Dumbo. Bat ears. Mr. Spock. Kids can be cruel, and children who grew up with prominent ears have probably heard all the schoolyard taunts. Not surprisingly, this constant teasing can take its toll on a child’s self-esteem, with poor self-image lasting into adulthood for an estimated half of those affected. Children and adults born with ears shaped outside the norm have always had two choices: take the teasing or go under the knife. Given the potential risks of any surgery, that is a difficult choice for anyone to make.
With an estimated five percent of the population having an ear malformation, and one or two percent having prominent ears, it is a problem that has caught the attention of medical device makers. Now one of the most well-known aesthetics companies has introduced a device that can solve the problem of prominent ears without the use of surgery.
The Earfold Device
British plastic surgeon Norbert Kang developed the device, later acquired by Allergan who are best known for their Botox and Juvederm wrinkle-fighting injectables.
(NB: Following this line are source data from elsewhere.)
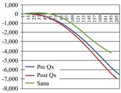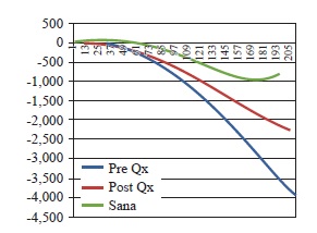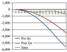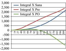 Figura 5: Integrales del eje «Y» obtenidas en un paciente PO bajo técnica de Un Haz. Se observa una similitud entre las líneas pre- y post Qs; sin embargo, existe una mayor distancia entre la sana y la postoperada.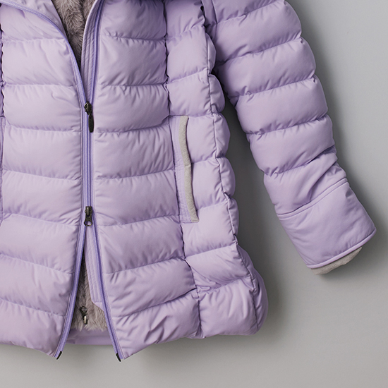 ジップの開閉でファーの見せ方を調整できます。STORY別注カラーのパープルは、派手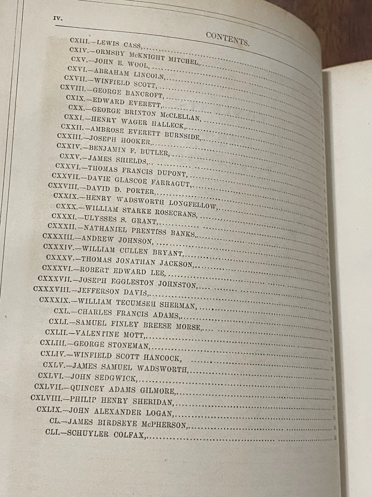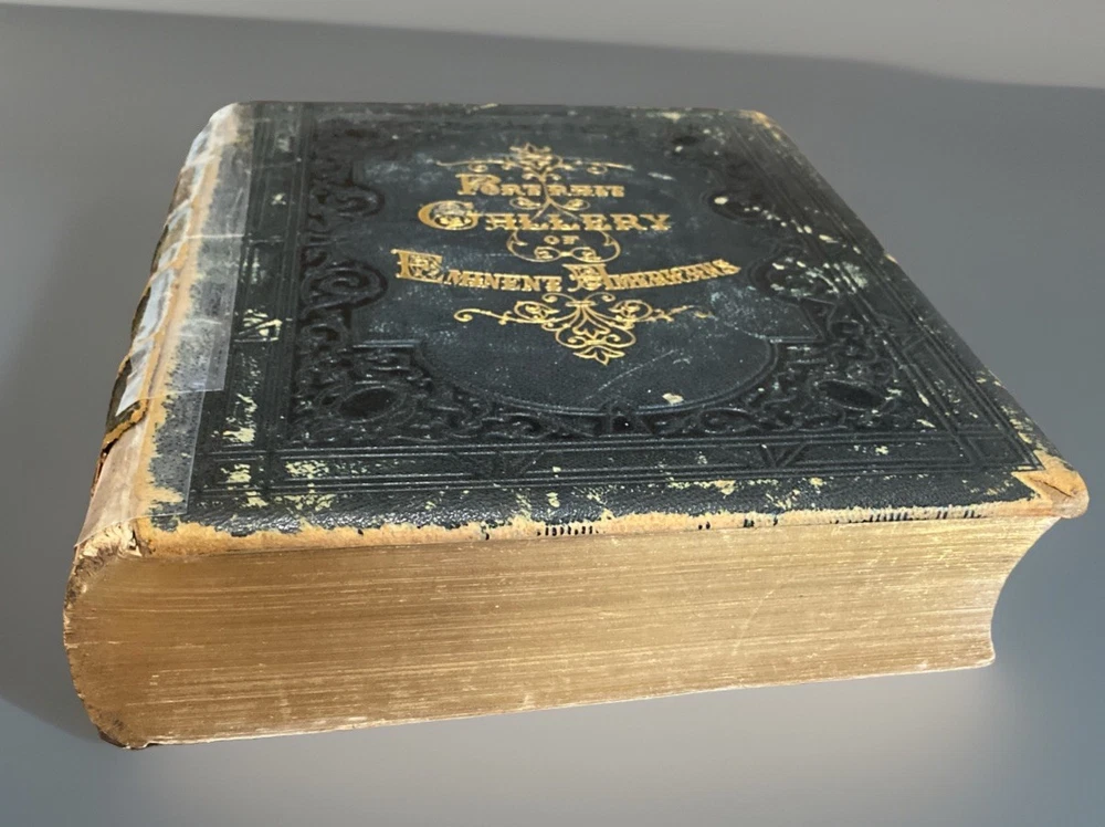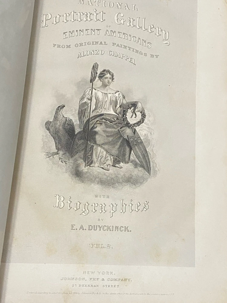 Up for sale is a fascinating antique book, Vol. II of a 2-volume set entitled "Portrait Gallery of Eminent Americans", 1864, Johnson, Fry & Co. Illustrated. 598 pps. Full title listed on title page reads: National Portrait Gallery of Eminent Americans From Original Paintings by Alonzo Chappel with Biographies by E.A. Duyckinck, Vol. 2.Heavy padded leather or leather like boards with gilt decorative title and embossed decoration to front cover, gilt titles on spine. Spine has six sections of which the topmost one is almost entirely missing and bottom section has chipped off on the lower edge and left side. Raised ridges separate each section. Cover is worn at extremities especially at corners as would be expected with scuffing to front cover. Gilt titling and decoration are still bright and not worn. Gilt page edges all around. Missing rear board; front cover and spine reattached. Fep has decorative former owner bookplate attached. Brown endpapers. Text block is intact, with no missing or loose pages. Tissue protection to frontis of Washington Irving & to title page. Some ink staining to page edges which does not interfere with the text or the illustrations; there is no writing anywhere within text block or on end papers. Pages have some age toning; light water stains to first ten or so pages on upper right edge. Bfep has a few surface scratches, wear to outer edge, piece missing on lower right edge, & one closed tear; last 3 pages and tissue protector are creased at upper & lower page edges, with some minor chipping at edges.The illustrations in this book are finely and exquisitely detailed and are a fascinating glimpse of the movers and shakers, the most influential people in the United States at a pivotal time in the history of the country. This a great collectible piece of American history!

Earfold is made of medical-grade nitinol, which is a special nickel and titanium alloy often used in stents and other medical devices. Nitinol is special because it is a shape memory alloy, a metal that tends to retain its original shape. This means that even if a plastic surgeon inserts the device through one incision, once it is in place, it will snap back to its original shape, folding the ear with it.
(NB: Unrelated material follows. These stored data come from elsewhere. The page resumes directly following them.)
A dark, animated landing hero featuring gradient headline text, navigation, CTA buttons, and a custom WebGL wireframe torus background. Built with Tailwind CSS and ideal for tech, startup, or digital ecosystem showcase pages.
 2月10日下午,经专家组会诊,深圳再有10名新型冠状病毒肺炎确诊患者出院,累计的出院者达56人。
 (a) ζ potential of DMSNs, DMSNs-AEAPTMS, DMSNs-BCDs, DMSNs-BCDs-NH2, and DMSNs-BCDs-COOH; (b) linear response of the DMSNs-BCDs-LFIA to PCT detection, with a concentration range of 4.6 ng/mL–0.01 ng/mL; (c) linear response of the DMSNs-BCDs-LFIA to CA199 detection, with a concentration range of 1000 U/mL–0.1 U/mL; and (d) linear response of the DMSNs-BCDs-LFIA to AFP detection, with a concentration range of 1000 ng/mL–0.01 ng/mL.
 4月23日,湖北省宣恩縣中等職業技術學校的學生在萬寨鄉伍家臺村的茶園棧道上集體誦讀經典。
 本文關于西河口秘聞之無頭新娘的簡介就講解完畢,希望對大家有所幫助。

The doctor will begin by clipping the special Pre-Fold device onto the outside of the patient’s ear. This allows the surgeon to determine the correct position while allowing the patient to see what the final results look like. Once both doctor and patient agree the ear position looks satisfactory, the doctor cleans the ear with an antiseptic solution, applies a local anesthetic to numb the area, and makes a one centimeter incision in the ear’s skin. After lifting the skin away from the cartilage, the doctor then uses the special introducer to position and release the Earfold implant. Once the device is under the patient’s skin, it springs back to its predetermined shape, gripping the cartilage to adjust its shape to match the device. Including stitches and applying a dressing, the entire procedure takes about twenty minutes. The device is able to reposition the ear as much as 34 percent closer to the patient’s head.
With the Earfold device, what used to involve time off work and going under the knife is now accomplished with a quick in-clinic procedure. Children over the age of seven and adults can all have the procedure, and the results should be permanent with only a nominal risk the prominent ears will recur. That said, the procedure can be reversible if a doctor removes the implant.
Non-surgical Otoplasty Does Have its Limitations
Although this procedure can be beneficial, it does have some limitations. The device is most suitable for patients whose antihelical fold is poorly developed or completely absent. Those whose ears are prominent because of a deep conchal bowl may only experience partial success using Earfold, although they can still opt for additional otoplasty surgery to complete the correction. For those who are eligible for Earfold, it does offer a less-invasive alternative for ear correction, with a relatively quick procedure.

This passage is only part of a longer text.